In-cell penetration selection—mass spectrometry produces noncanonical peptides for antisense delivery

Abstract

AbstractPeptide-mediated delivery of macromolecules in cells has significant potential therapeutic benefits, but no therapy employing cell-penetrating peptides (CPPs) has reached the market after 30 years of investigation due to challenges in the discovery of new, more efficient sequences. We developed a method for in-cell penetration selection-mass spectrometry (in-cell PS-MS) to discover peptides from a synthetic library capable of delivering macromolecule cargo to the cytosol. This method was inspired by recent in vivo selection approaches for cell-surface screening, with an added spatial dimension resulting from subcellular fractionation.
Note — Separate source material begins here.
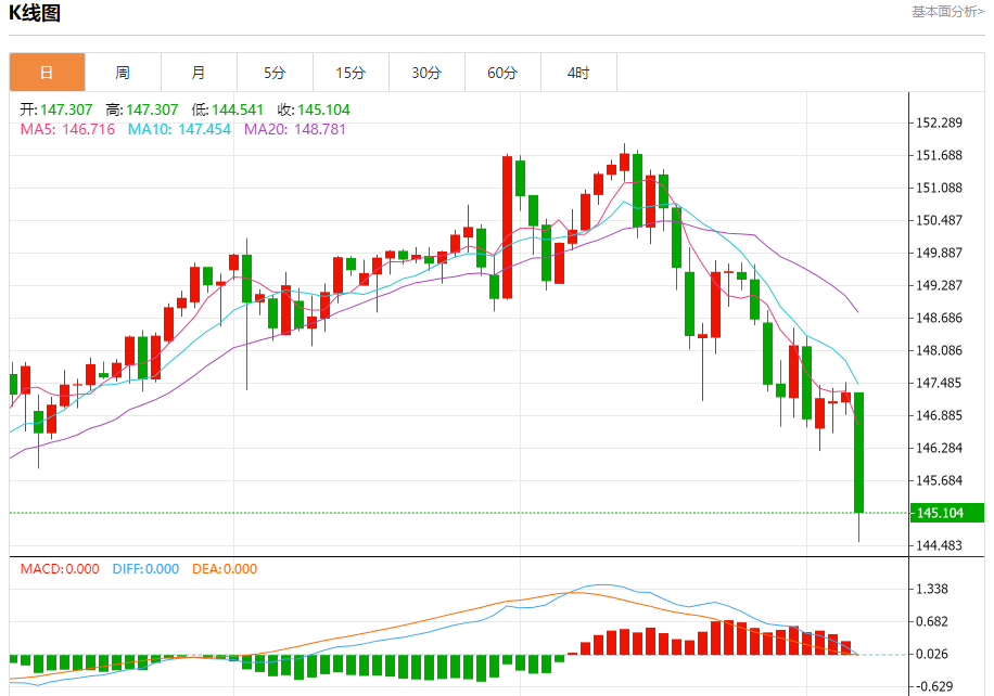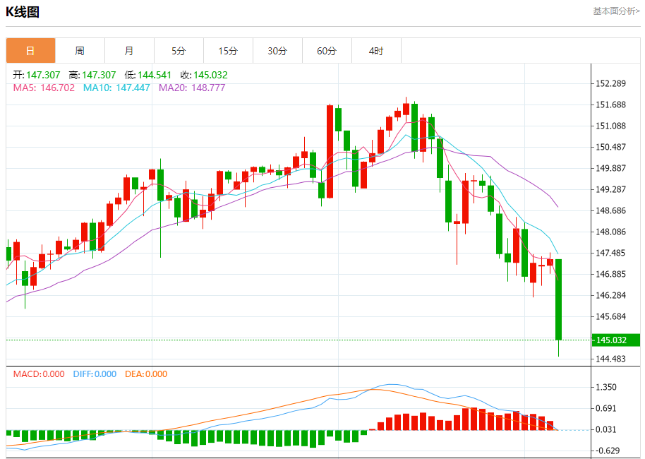 周四盘中,美元/日元报145.125,跌幅1.49%。 今日分析:在145.40之下,看跌,目标价位为144.50,然后为144.00。 技术点评:其即时趋势维持向下,有较强的动能。 支撑位:144.50144.00143.70 阻力位:146.50146.20145.40 (亚汇网编辑:冰凡)

A representative peptide discovered in the cytosolic extract, Pep1a, is nearly 100-fold more active toward antisense phosphorodiamidate morpholino oligomer (PMO) delivery compared to a sequence identified from a whole cell extract, which includes endosomes. Pep1a is composed of D-amino acids and two non-α-amino acids. Pulse-chase and microscopy experiments revealed that while the PMO-Pep1a conjugate is likely taken up by endosomes, it can escape to localize to the nucleus. In-cell PS-MS introduces a means to empirically discover unnatural synthetic peptides for subcellular delivery of therapeutically relevant cargo.